ARTEMIS-4553 Support partial word matches for address settings
At this point I think we should stick with the currently documented behavior, i.e. wildcards match (whole) words separated by a delimiter. The design of the matching is to be hierarchical which is relatively easy to understand and configure with words separated by a delimiter and wildcards that represent one (i.e. * by default) or more (i.e. # by default) words. The fact that partial matches work now (for whatever reason) is not a sufficient reason to change the documented functionality. I chalk this up to an implementation detail and not something that users should rely upon as it may change in the future. It is an undocumented, incidental behavior.
I'm curious about others' thoughts.
Thinking about this more...I'm more against it than before. I believe that opening this door is going to be bad for usability - both for users and developers.
Right now, * means a single word. If we start accepting "partial words" then what does * become? Is it a single word when used alone and then something else when used with a partial word? If the latter, is it any single character? Is it 0 or more of any character (e.g. as it might be in a regular expression)? Also, how do partial words compare to each other in a hierarchy where matches are ordered from general to specific? Would ab* be more specific than a* when matching abc? What about a*c? Is that even supported? Where do we draw the line?
Furthermore, what do we do with #? Should we support partial matches with it? If so, what does that mean? If not, why not?
The potential configurations start to expand very quickly and will no doubt add complication to the code, the test-suite, and the documentation.
The currently documented functionality is simple & powerful, and we should keep it that way.
If there's a bug here it's that undocumented behavior is allowed and somewhat functional leading folks to assume it's intentional. I'm not saying we should fix that necessarily, but we should at least consider it so we don't keep letting folks get confused.
The design of the matching is to be hierarchical which is relatively easy to understand and configure with words separated by a delimiter and wildcards that represent one (i.e. * by default) or more (i.e. # by default) words.
Partial words also would be hierarchical, I mean * would never match a delimiter.
Right now,
*means a single word. If we start accepting "partial words" then what does*become? Is it a single word when used alone and then something else when used with a partial word? If the latter, is it any single character? Is it 0 or more of any character (e.g. as it might be in a regular expression)?
My tentative was to implement the behavior similar to the * in the shells: matching zero or more characters but not the delimiter to respect the hierarchy.
Also, how do partial words compare to each other in a hierarchy where matches are ordered from general to specific? Would
ab*be more specific thana*when matchingabc? What abouta*c? Is that even supported? Where do we draw the line?
Good catch, I hadn't thought to this use case but if that would be supported then a*c would be more specific of a*
Furthermore, what do we do with
#? Should we support partial matches with it? If so, what does that mean? If not, why not?
Theoretically, * should be enough for any partial match use cases because # matches zero or more words.
The potential configurations start to expand very quickly and will no doubt add complication to the code, the test-suite, and the documentation.
This is an important point from the development point of view, are you thinking to any specific cases?
If there's a bug here it's that undocumented behavior is allowed and somewhat functional leading folks to assume it's intentional. I'm not saying we should fix that necessarily, but we should at least consider it so we don't keep letting folks get confused.
My tentative was to clarify this gray area without causing issues to users that are already using this officially unsupported behavior.

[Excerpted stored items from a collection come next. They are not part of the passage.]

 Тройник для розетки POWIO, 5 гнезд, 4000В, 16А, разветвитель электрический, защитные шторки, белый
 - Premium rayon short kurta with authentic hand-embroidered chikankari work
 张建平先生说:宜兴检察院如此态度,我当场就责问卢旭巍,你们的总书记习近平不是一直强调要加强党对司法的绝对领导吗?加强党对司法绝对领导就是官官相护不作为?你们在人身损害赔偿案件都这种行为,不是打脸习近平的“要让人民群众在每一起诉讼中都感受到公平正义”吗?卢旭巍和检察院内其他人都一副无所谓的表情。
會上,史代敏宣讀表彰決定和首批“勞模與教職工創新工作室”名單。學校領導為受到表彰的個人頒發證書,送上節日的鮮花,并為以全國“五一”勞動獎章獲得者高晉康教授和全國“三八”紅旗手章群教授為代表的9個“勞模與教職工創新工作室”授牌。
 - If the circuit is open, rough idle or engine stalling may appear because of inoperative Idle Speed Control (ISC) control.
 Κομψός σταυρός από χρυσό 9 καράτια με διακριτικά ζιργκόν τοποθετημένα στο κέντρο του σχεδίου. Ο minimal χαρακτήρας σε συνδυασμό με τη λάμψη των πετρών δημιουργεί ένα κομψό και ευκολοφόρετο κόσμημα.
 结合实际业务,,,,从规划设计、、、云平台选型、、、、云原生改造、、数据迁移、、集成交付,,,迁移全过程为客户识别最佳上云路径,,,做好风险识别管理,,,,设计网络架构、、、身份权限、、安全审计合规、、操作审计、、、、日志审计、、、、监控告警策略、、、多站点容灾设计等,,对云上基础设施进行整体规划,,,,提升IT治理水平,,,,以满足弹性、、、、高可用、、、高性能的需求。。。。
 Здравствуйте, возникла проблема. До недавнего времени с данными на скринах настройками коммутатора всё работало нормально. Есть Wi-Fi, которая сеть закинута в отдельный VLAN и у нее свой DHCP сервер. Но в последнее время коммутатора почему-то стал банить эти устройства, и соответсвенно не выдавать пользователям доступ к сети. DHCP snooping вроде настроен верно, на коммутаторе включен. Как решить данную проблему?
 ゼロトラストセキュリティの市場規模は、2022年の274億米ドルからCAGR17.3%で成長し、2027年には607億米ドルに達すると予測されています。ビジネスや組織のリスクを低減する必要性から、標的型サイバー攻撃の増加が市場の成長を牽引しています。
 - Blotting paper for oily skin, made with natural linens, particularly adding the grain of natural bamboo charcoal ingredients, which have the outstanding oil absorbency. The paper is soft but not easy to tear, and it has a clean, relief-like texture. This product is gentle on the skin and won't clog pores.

Good catch, I hadn't thought to this use case but if that would be supported then
a*cwould be more specific ofa*
What about multiple * characters? For example, would a*c* match abcd and ac and abc?
This is an important point from the development point of view, are you thinking to any specific cases?
I'm not thinking about any specific case. I'm mainly thinking that the possible combinations that need to be tested will increase substantially with this change, especially if multiple * characters are supported.
This change will mean that while * by itself still means a single word when * is combined with other characters it will completely change its meaning to zero or more characters. I think this will ultimately hurt usability.
@gemmellr @jbertram thanks for your feedback, I converted this PR to draft because I need more time to think.